Enantiodromia (noun): the principle that everything eventually makes way for its opposite.

 

Enantiodromia is a term that was introduced to the masses by Carl Jung, the Swiss father of analytic psychology—but it’s not a new concept. In fact, its roots trace back to ancient Greece, where writers and philosophers Heraclitus and Plato noted that, “everything arises in this way, opposites from their opposites.” Nowhere do we see this more abundantly than in the precessions of nature: day invariably begets night, summer begets winter, life begets death, and so on. The trough of every wave eventually creates its crest, and in this process, nature maintains equilibrium.

 

Anyone who reads the news would probably come to the conclusion that the world is out of balance, from both a climatic and cultural perspective. This week alone we experienced a political meltdown on multiple fronts in the United States: first when the Iowa caucus system literally crashed, and then when President Donald Trump was acquitted from his impeachment charges by the Senate. This is the same President who also had the gall to boast about joining the global trillion tree initiative while making no mention of why we need the trees, and talking up the fossil fuel industry—all in the same speech.
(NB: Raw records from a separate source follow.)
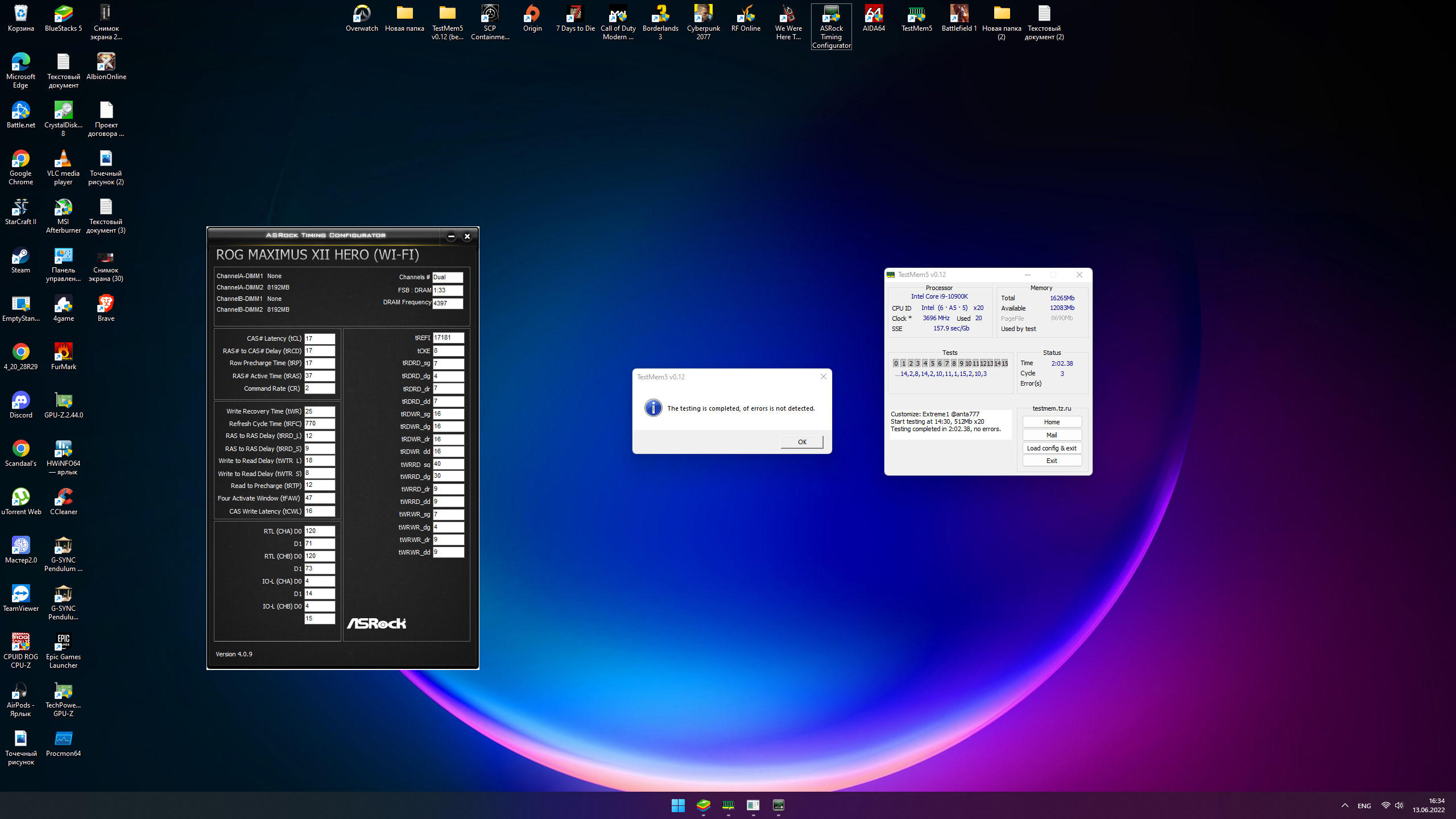 На maximus hero XII вышла новая версия биоса 2601, в которой улучшили совместимость памяти судя по описанию Удивительно, но у меня стоят patriot 2х8 4400 19-19-19-39, которые удавалось до сих пор разгонять только до 4200 cl 17-18-18-38, теперь заработали XMP настройки заявленные производителем, и удалось ужать и поднять частоту с таймингами 4400 cl 17-17-17-37, повысив напряжение до 1.5, вторички не успел поджать, но идут тяжело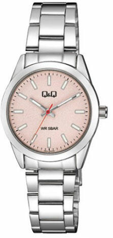 Márka: Q&Q | Kollekció: STANDART | Modell: Q82A-005PY | Garancia: 2 évek | Szín: rózsaszín | Szín: ezüst | Tok színe: ezüst árnyalat | Táplálás: elem | Szíj anyaga: nemesacél | Vízálloság: 50M/5ATM | Üveg: ásványi | Forma: kerek | Csatolás típusa: zsanérzár | Számjegyek a számlapon: indexek | Rendeltetés: női | Minimális kerület: 14 | Termék típusa: karórák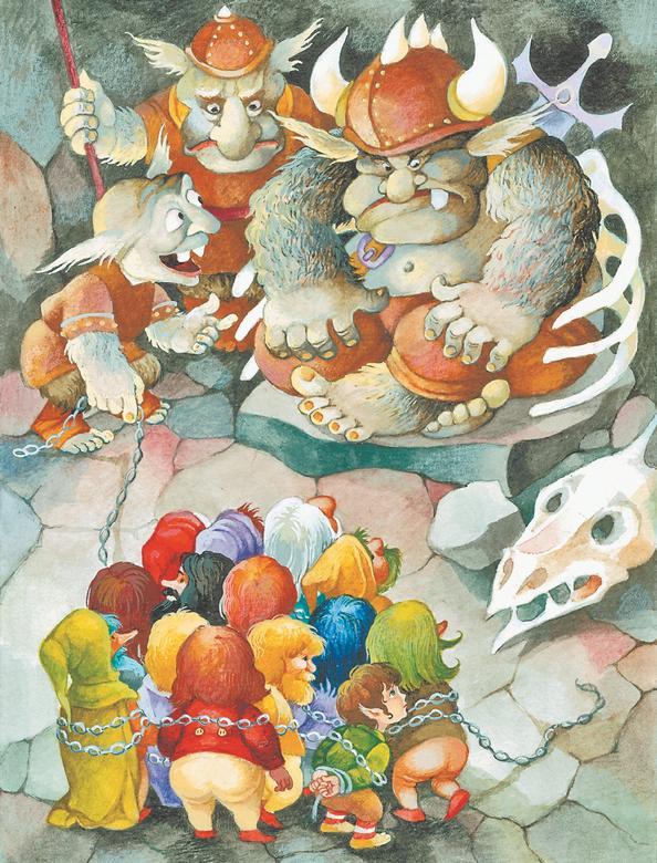 Топ! Шлёп! Чёрный гроб!Хрип! Храп! Бей! Грабь!Тащи свои кости к гоблинам в гостиЖивее, малыш!Крик! Крак! Стук! Бряк!Тьма и мрак! Кулак и тесак!Бей и круши в подземной глуши!Страшись, малыш!Свист плетей! Хруст костей!Этот звук тешит слух! Ух!Гоблинам нужен обед и ужин.Поедят-попьют и сидят поютВ пещере, малыш!От этой песни и впрямь становилось страшно. Каменные стены, казалось, повторяют эти «крик-крак» и «стук-бряк». Эхом отдавался безобразный гогот, множилось устрашающее «хрип-храп», «бей-грабь». И слишком ясен был смысл этой грозной песни. А гоблины выхватили хлысты и, стегая пленников, под крики: «Свист плетей! Хруст костей!» погнали их вперед. Гномы стенали, стонали, вскрикивали и всхлипывали. И вдруг все они кубарем скатились в огромную пещеру.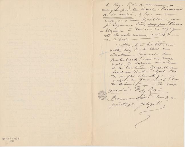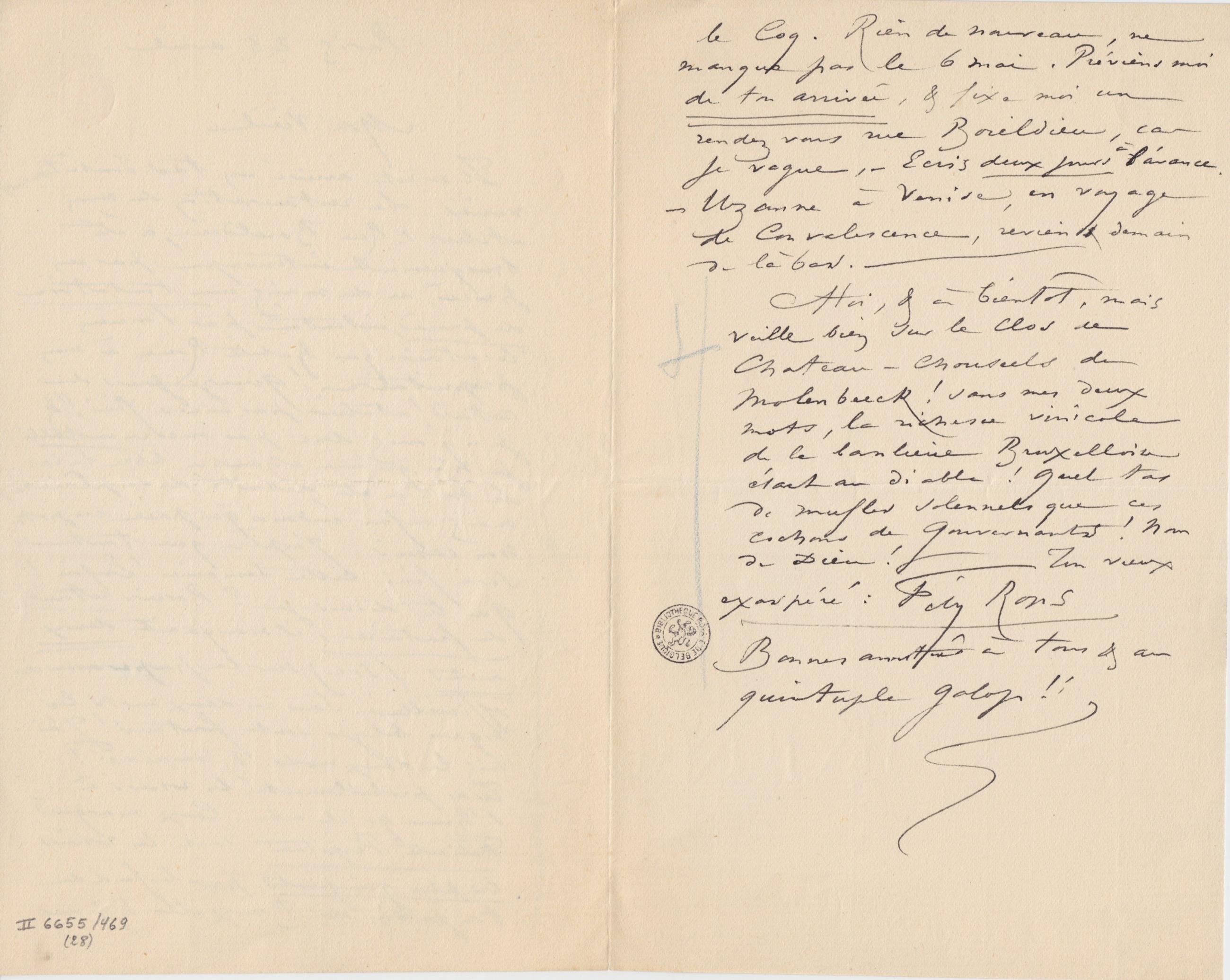 À toi, & à bientôt, mais veille bien sur le clos de Chateau – chauseels de Molenbeeck ! sans mes deux mots, la richesse vinicole de la banlieue Bruxelloise était au diable ! Quel tas de mufles solennels que ces cochons de gouvernants ! Nom de Dieu !

Meanwhile, this week his administration quietly finalized its plans to exploit more national landmarks.

 

Outside of politics, a new study published in the journal Science this week found that bumblebee populations have fallen by 46% in North America in the last century due to rising temperatures. And another study found that fireflies are facing extinction, though in a different form: light pollution is making it more difficult for them to mate (males light up in order to signal they are ready to mate, and females respond with patterned blinking). In short, things are looking bleak for insects.

 

Now, if you soldiered through that recap, you’re probably thinking something along the lines of: “We’re doomed! We are destroying the natural order! Ahh!” And while the former might be true (sorry), the latter is impossible. All too often, order is confused with balance. In nature, chaos and order coexist, constantly making way for one another. We see this in the five mass extinctions that came before us, each of which paved way for the next era of life on earth (more on this in our next issue, coming soon). That’s the thing about balance: when we are experiencing an extreme swing of the pendulum as our world is now, what might feel like chaos is actually enantiodromia or equilibrium in action.

 

Speaking of balance: Yellowstone National Park is celebrating one of the greatest stories of re-wilding in history after successfully bringing back gray wolves from the brink of extinction, restoring the area’s ecosystem with its natural top predator. This week it was also announced that a climate reporter, Vanessa Hauc, will co-moderate a Presidential debate for the first time in history, which is no small feat. And climate activists are getting more creative by the day, having recently snuck a giant trojan horse replica into the British Museum to protest its connection to BP.

 

When Jung brought the concept of enantiodromia to the modern world, he applied it to the mind, pointing out that every extreme tendency of the unconscious is eventually met with its opposite, which is true for the collective as well. After the onset of the industrial revolution, humanity found itself at an extreme as arrogance and ego became our dominant driving forces. What we are experiencing now is a course correction, as humility and reverence take the wheel. All of this is not to say that we are off the hook—rather the opposite. We must fight harder than ever before for the natural world, but we must do so with a balanced perspective and remember that the pendulum has no choice but to swing, and that we are the pendulum.